Data Structuring/ Normalization and Validation the Hidden Key to Unified Information Solution!!!
For the last 2 weeks I have been on the road, sorry just did not get to updating blog, but a constant discussion topic that keeps coming up. “How to truly build a Unified Information system that allows a view across their industrial/ production assets, and the ability to compare, and understand current state, capacity and performance quickly and easily.”
People have tried the intelligence, information semantic products which layer on top and bring valuable representation of information, but while the semantic information is a critical role, and aligns data silos, it is only as good as the data.
When discussing strategies with companies in Upstream oil and gas, Mining, Metals, Refining, Power, Water Utilities, and a common theme is the need to get data structuring/ normalization and key is validation of data.
One person commented last week “we cannot just take all the data from our existing SCADA systems/ historians and bring it to central historian due to no alignment, lack of consistent context, and data validation!”
The problem is not just about aligning data for access, the goal today is to make decisions not just about one process or plant but timely decisions across multiple sites.
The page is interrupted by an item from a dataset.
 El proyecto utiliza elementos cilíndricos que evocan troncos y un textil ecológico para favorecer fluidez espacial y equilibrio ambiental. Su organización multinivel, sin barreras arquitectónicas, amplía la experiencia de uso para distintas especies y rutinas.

To achieve this it is not just about gathering existing data, as one set of engineers put it, we need to normalized data this means units and measures been aligned for one. They are putting unifying storage systems but they spend a lot of time going to the source of actual data, and then structuring and normalizing measures. Today this is being done in the control layer and supervisory layer. It is also key that the existing running systems on a plant are not disrupted, so the risk to changing these running systems in these systems is way too high. 
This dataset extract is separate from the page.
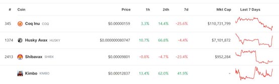 受此消息影响,Avalanche 上的 Meme 币多数呈现暴涨。以母鸡为主题的 CoqInu (COQ) Meme 币过去 24 小时涨幅超过 14%;而以狗图案为主题的 Meme 币如 kimbo (KIMBO) 和 Husky Avax (HUSKY) 更是有超过 60% 的涨幅。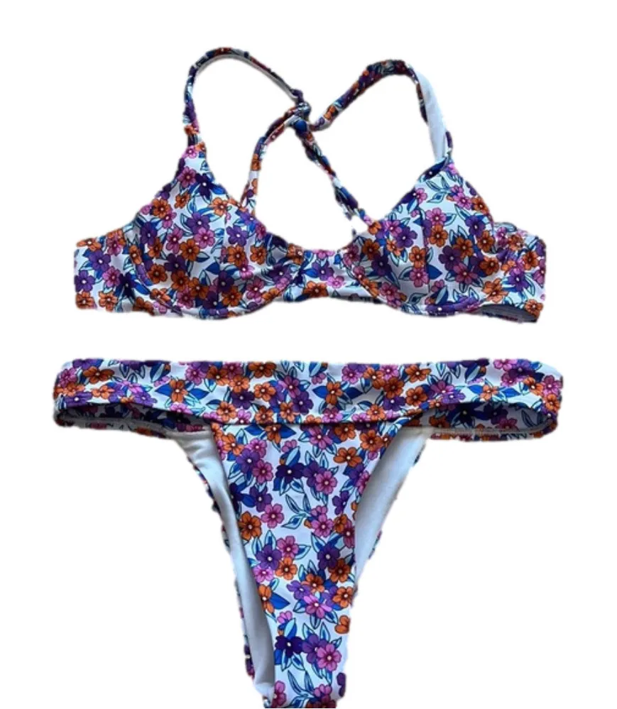 Shein floral bikini with underwire and padded cups. Features adjustable straps and a back clasp clos... Show more

In one case a customer talked about 16 versions of one measure across 14 plants. This same story comes all the time, so the questions is how to achieve a result that does not threaten the existing sites, especially when the challenge today is not in a plant but across sites. These sites have been put in at different times with different systems, and often different objectives.
The key is to look at a layer that allows:
·         cross site administration/ configuration e.g. a distributed system
·         ability establish standards for asset structures / kpis / measures/ units, with the ability to centrally administer these standards and enforce governance
·         ability data collect from both real time and historical data stores
·         ability to set up in these structures validation rules that will validate the captured data to trusted before storage
·         distributed data capture and ability to store locally and aggregate providing data integrity.
The key is a 3 layer solution:
  • A data collection platform that can be phyically be distributed but centrally managed with standards governance, providing data structure, intellignece, and validation as close to the source as possible. So that different process/ plant data both realtime and historiacl can be aligned across this common namespace.
  • A storage layer that the platform now propagates this now normalized information into one or multiple distributed storage historians, providing a consistent information storage across these different control/ automation systems.
  • A unifying information layer with a semantic capability to allow this unified storage + the operational storages from different systems to be aligned. 

These three layers enable success as a team, not any one of them, if you are looking for unified information system that can be trusted, so decisions in the now can be made.